Python string objects are immutable; there's no direct way to change the contents of a string after it is created. Even if you were able to somehow overwrite the contents of the string referred to by password (which is technically possible with stupid ctypes tricks), there would still be other copies of the password that have been created in various string operations:
by the getpass module when it strips the trailing newline off of the inputted password
by the imaplib module when it quotes the password and then creates the complete IMAP command before passing it off to the socket
You would somehow have to get references to all of those strings and overwrite their memory as well.
There actually -is- a way to securely erase strings in Python; use the memset C function, as per Mark data as sensitive in python
Edited to add, long after the post was made: here's a deeper dive into string interning. There are some circumstances (primarily involving non-constant strings) where interning does not happen, making cleanup of the string value slightly more explicit, based on CPython reference counting GC. (Though still not a "scrubbing" / "sanitizing" cleanup.)
The correct solution is to use a bytearray() ... which is mutable, and you can safely clear keys and sensitive material from RAM.
However, there are some libraries, notably the python "cryptography" library that prevent "bytearray" from being used. This is problematic... to some extent these cryptographic libraries should ensure that only mutable types be used for key material.
There is SecureString which is a pip module that allows you to fully remove a key from memory...(I refactored it a bit and called it SecureBytes). I wrote some unit tests that demonstrate that the key is fully removed.
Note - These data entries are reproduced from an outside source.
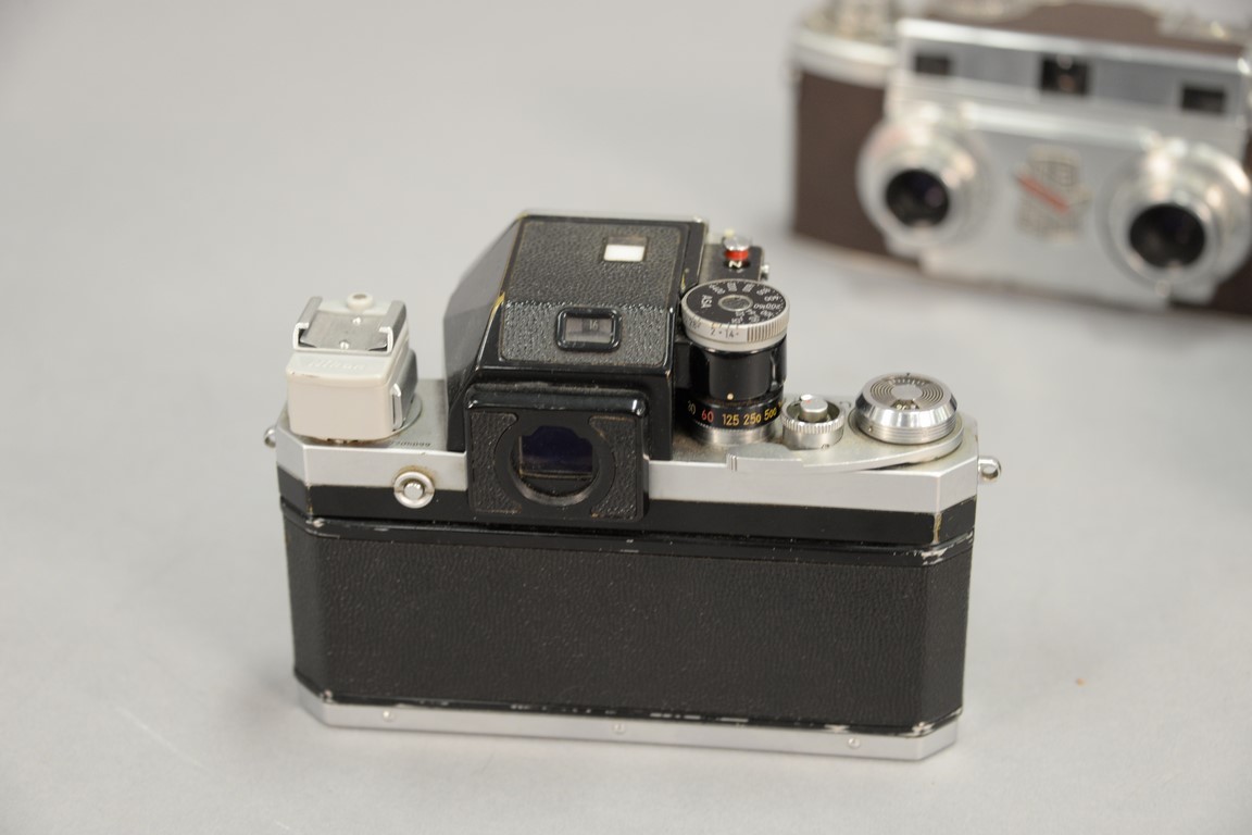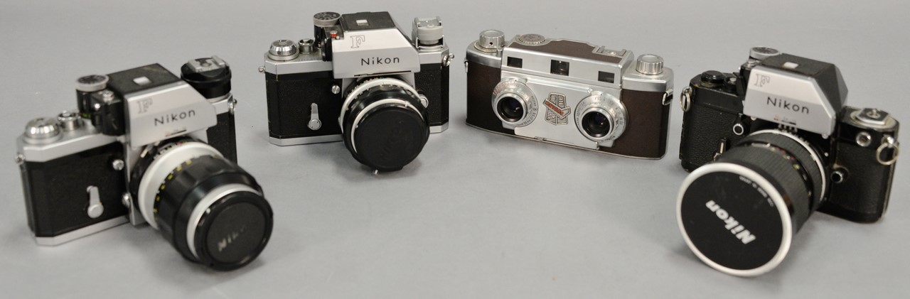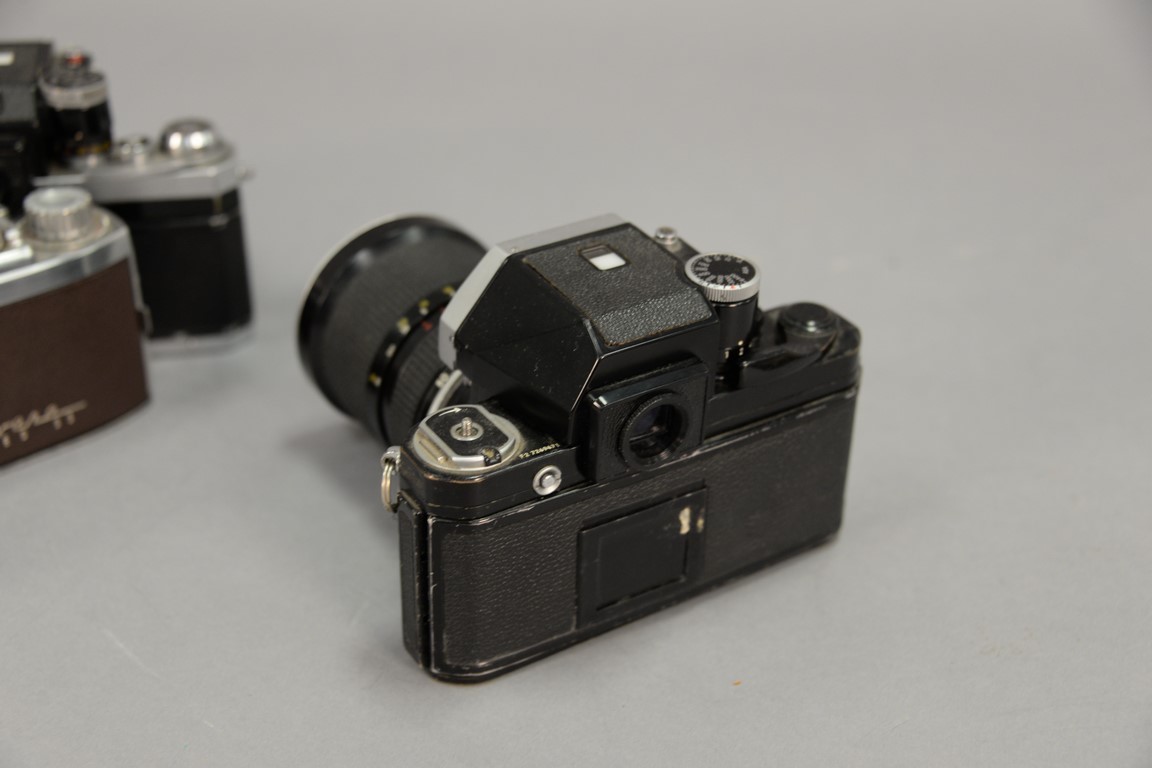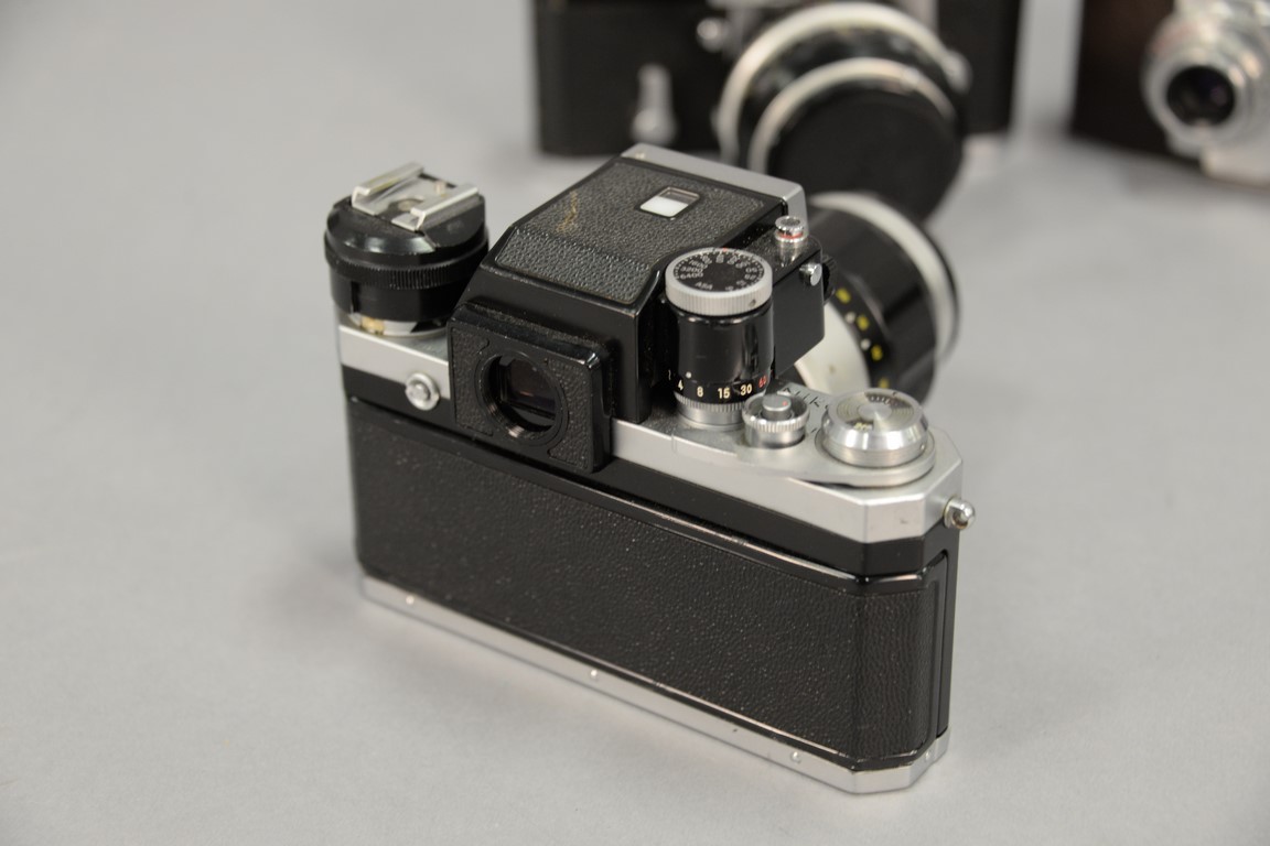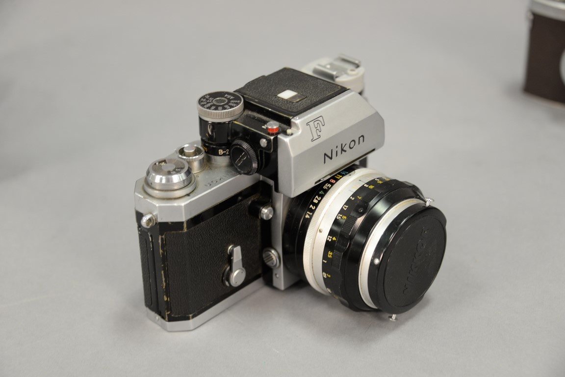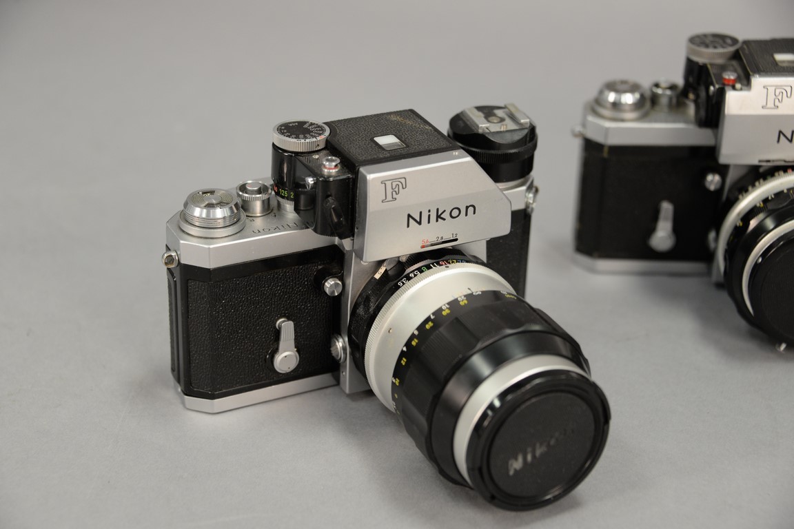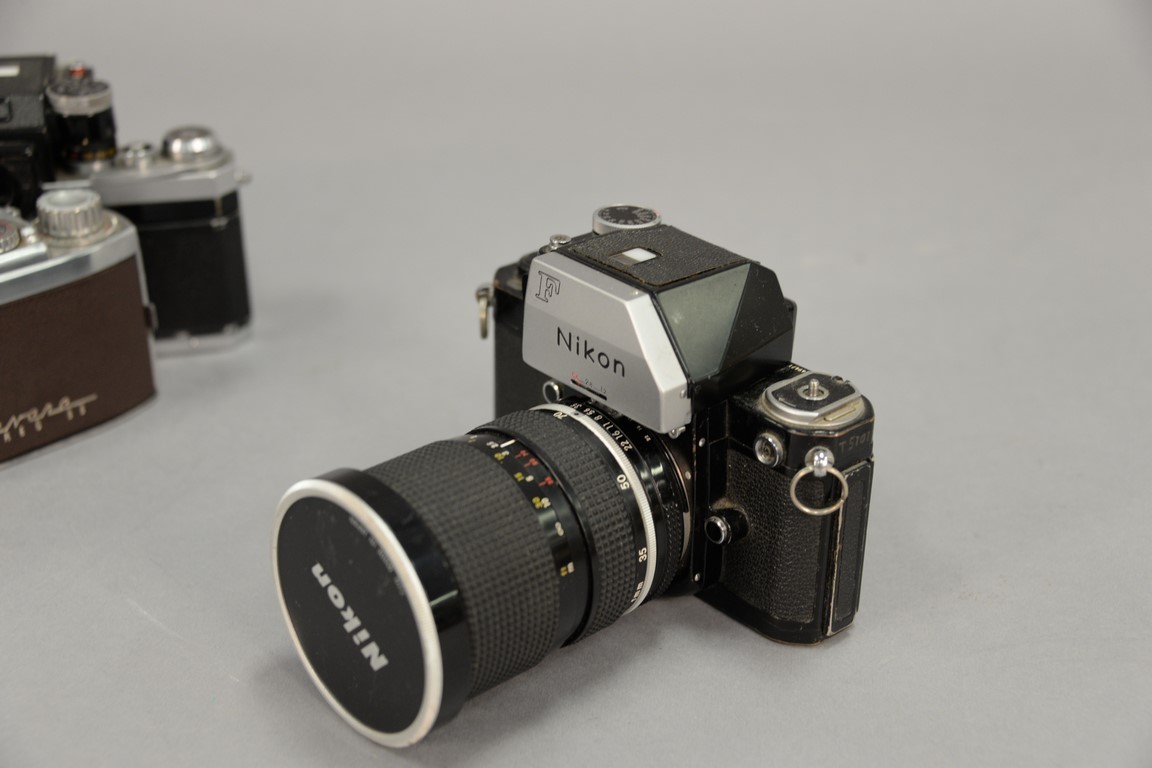 Lot 397: One box lot: Nikon F camera lot including Nikon F2 F2-7249471 needs repair with zoom Nikkor 35/70/3.5 761893, Nikon F 7205899…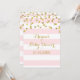 Convites personalizados para bebês em padrão de listras brancas e cor-de-rosa com confete dourado; note que ouro é efeito fotográfico apenas.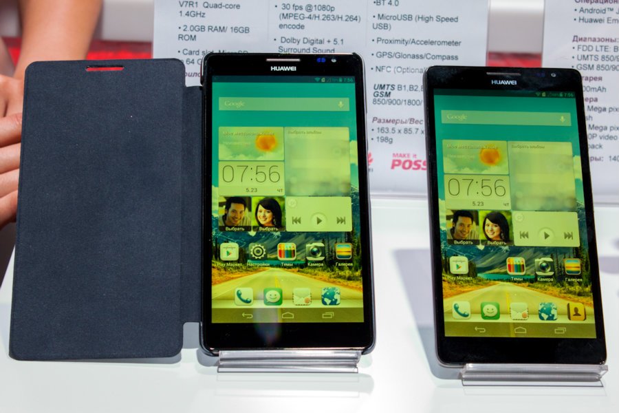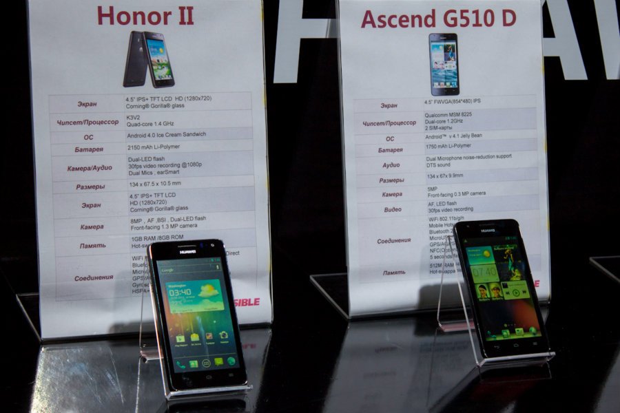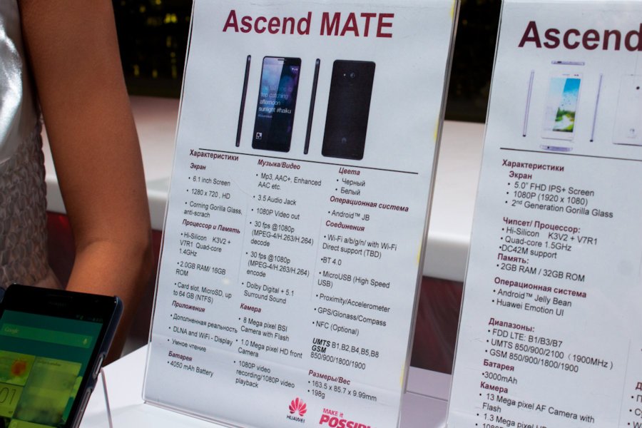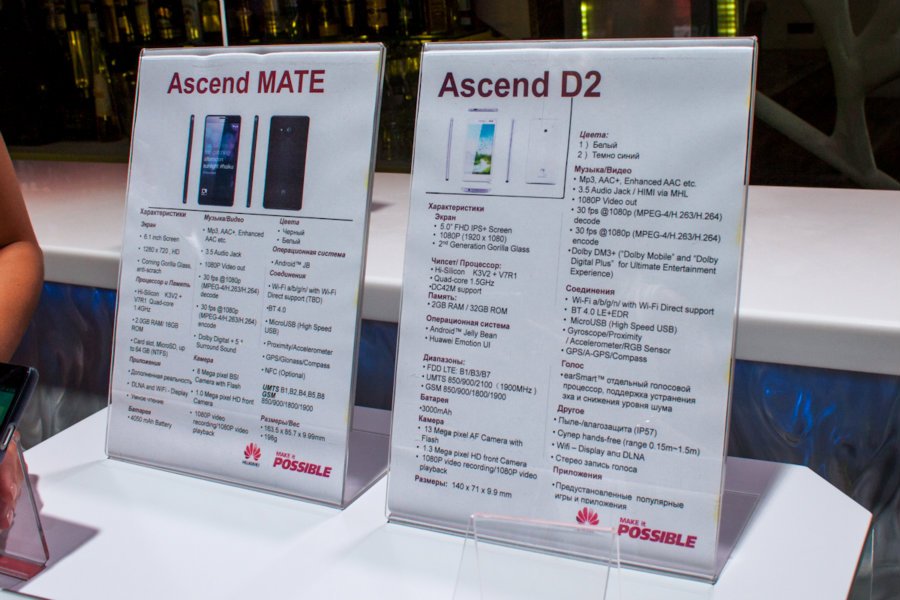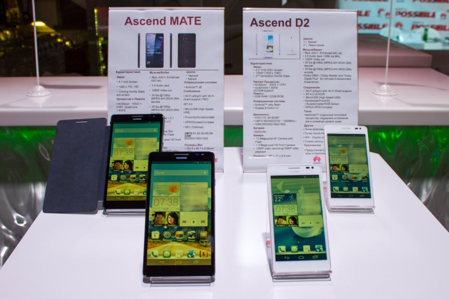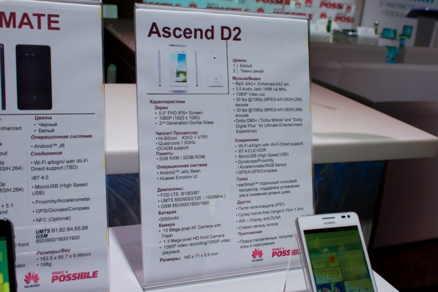 Объявлены цены на Huawei Ascend D2 и Ascend Mate в УкраинеКомпания Huawei провела презентацию обновленной линейки своих Android-смартфонов серии Ascend 2013 года. Модели Ascend D2 и Ascend Mate поступят в продажу уже в следующем месяце в сетях MOYO и Rozetka. Чем хороши 5-ти и 6.1-дюймовый смартфон, их технические характеристики и цены читайте далее. Имея значительный опыт продажи своих устройств через сети мобильных операторов Life и Киевстар, с этого года компания Huawei активно начинает продвижение своей продуктовой линейки на розничном рынке. Пользователям предлагается довольно широкая гамма телефонов на одну и две сим-карты c экранами от 3,5 до 6,1 дюймов и различными по производительности аппаратными платформами. На презентационных стендах были показаны модели Honor II, G510 D, Y300 D, Y210 D и, конечно же, Ascend D2 и Ascend Mate. Именно в них компания воплотила свои лучшие наработки и достижения. К ключевым инновациям стоит отнести быструю возможность подзарядки (на 20% быстрее конкурентов) и технологию энергосбережения собственной разработки QPC+ADRX (Automated Discontinuous Reception), позволяющей держать заряд на 30% дольше аналогов. Кроме этого, Ascend D2 и Ascend Mate могут обмениваться данными по Wi-Fi на скорости до 150 Мбит/с, а два встроенных микрофона позволяют делать стереозапись в отличном качестве. Есть что сказать и об интерфейсе Emotion UI, который установлен поверх ОС Android 4.1 на обоих устройствах. Что из заявленных инновационных решений действительно заслуживает внимания, мы проверим на реальных образцах в наших обзорах уже совсем скоро. Ниже поделимся с вами первыми впечатлениями об этих телефонах. Huawei Ascend D2 - приятный для руки смартфон с экраном на 5 дюймов. Дисплей выполнен по технологии Super Retina и имеет разрешение 1080*1920 точек при плотности пикселей 443 на дюйм. Картинка на экране контрастная и насыщенная. Обод корпуса выполнен из металла, задняя крышка у смартфона в белом цвете глянцевая, экран прикрыт защитным стеклом Corning Gorilla Glass. Само устройство имеет защиту от попадания пыли и влаги по стандарту IPX 5/4. Встроенная батарея на 3000 мАч, по заявлению производителя, обеспечивает до 12 часов работы при интенсивных нагрузках. При средних нагрузках производитель обещает, что Ascend D2 будет на связи гарантированно в течение 2-х дней. И это при том, что аппаратно внутри четырехядерный процессор на 1,5 ГГц, отдельный графически чип и 2 ГБ оперативной памяти. Встроенной памяти - 32 ГБ, чего должно хватить и для музыки, и для видео с фотографиями. Последние можно делать основной 13 МП камерой либо же фронтальной на 1.3 МП. Huawei Ascend Mate - большой смартфон. Такой большой, что пользоваться им одной рукой действительно тяжело. Это устройство предлагается как альтернатива Samsung Galaxy Note2, но при этом имеет 6.1-дюймовый дисплей с более рациональным соотношением размеров экрана и рамки. Такие габариты и аппаратная начинка, в основе которой аналогичный модели Ascend D2 процессор с немного другим графическим чипом и 2 ГБ оперативной памяти, требуют и соответствующего аккумулятора. В этом плане в Huawei не скромничали и оснастили устройство батареей на 4050 мАч. Заявлено, что этого будет достаточно на 17 часов работы в режиме разговора, 11,5 часов серфинга в Сети и почти 9-ти в режиме просмотра видео. Как будет на самом деле, проверим в ближайшее время в наших обзорах. Там же постараемся оценить и качество снимков основной камеры на 8 МП. Программно Mate дополнили панелью 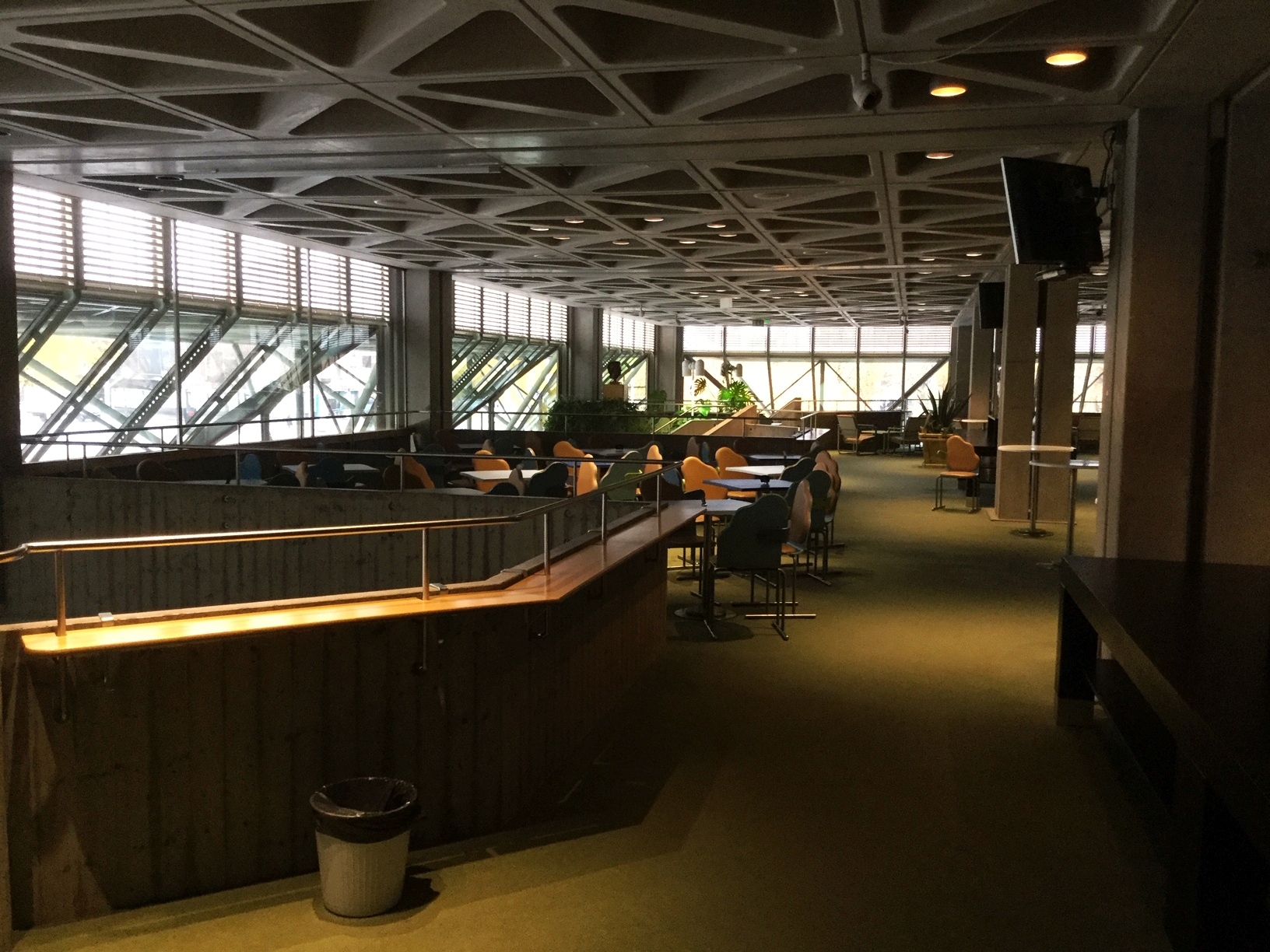 Eteis- ja lämpiötilat ovat sisäänkäyntitorin puolella. Torin tasolla teräskannattimien sateenvarjokatos muodostaa poimuilevan seinämän lasiprismojen kanssa. Vastapäinen aaltoileva vaatesäilytystiski toimii tehokkaasti yleisövirtojen suhteen. Lämpiötilojen tunnelma on kodikas, lähes vastakohta talon ulkoiselle ilmeelle. Tiloja on jäsennetty pienemmille ja suuremmille ryhmille. Materiaalit, värit ja monet taideteokset tuovat lämpöä. Yrjö Kukkapuron kalusteet ovat pääosin säilyneet.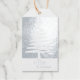 Luxuriöse Frohe Festtage silberne Geschenkmarke. Auf der Vorderseite ist eine Silhouette des Weihnachtsbaumes mit einem Weihnachtsstern oben. Es gibt einen benutzerdefinierten Frohe Festtage-Text und auf der Rückseite ist ein weiterer personalisierter Text.
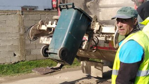 Pražnjenje plavih kanti zapremine 120 litara namenjenih primarnoj selekciji reciklabilnog otpada - metalna ambalaža (konzerve i limenke), papir i karton, kao i sve vrste plastične ambalaže u ulici Petra Horvatskog u Subotici.

But there is a big caveat: if someone's password is "type", then the word "type" will get wiped from all of python... including in function definitions and object attributes.
In other words... mutating immutable types is a terrible idea, and unless you're extremely careful, can immediately crash any running program.
The right solution is: never use immutable types for key material, passwords, etc. Anyone building a cryptographic library or routine like "getpass" should be working with a "bytearray" instead of python strings.
If you don't need the mail object to persist once you are done with it, I think your best bet is to perform the mailing work in a subprocess (see the subprocess module.) That way, when the subprocess dies, so goes your password.
This could be done using numpy chararray:
import numpy as np
username = raw_input('User name: ')
mail = imaplib.IMAP4(MAIL_HOST)
x = np.chararray((20,))
x[:] = list("{:<20}".format(raw_input('Password: ')))
mail.login(username, x.tobytes().strip())
x[:] = ''
You would have to determine the maximum size of password, but this should remove the data when it is overwritten.
EDIT: removed the bad advice...
You can also use arrays like the java example if you like, but just overwriting it should be enough.
http://docs.python.org/library/array.html
Store the password in a list, and if you just set the list to null, the memory of the array stored in the list is automatically freed.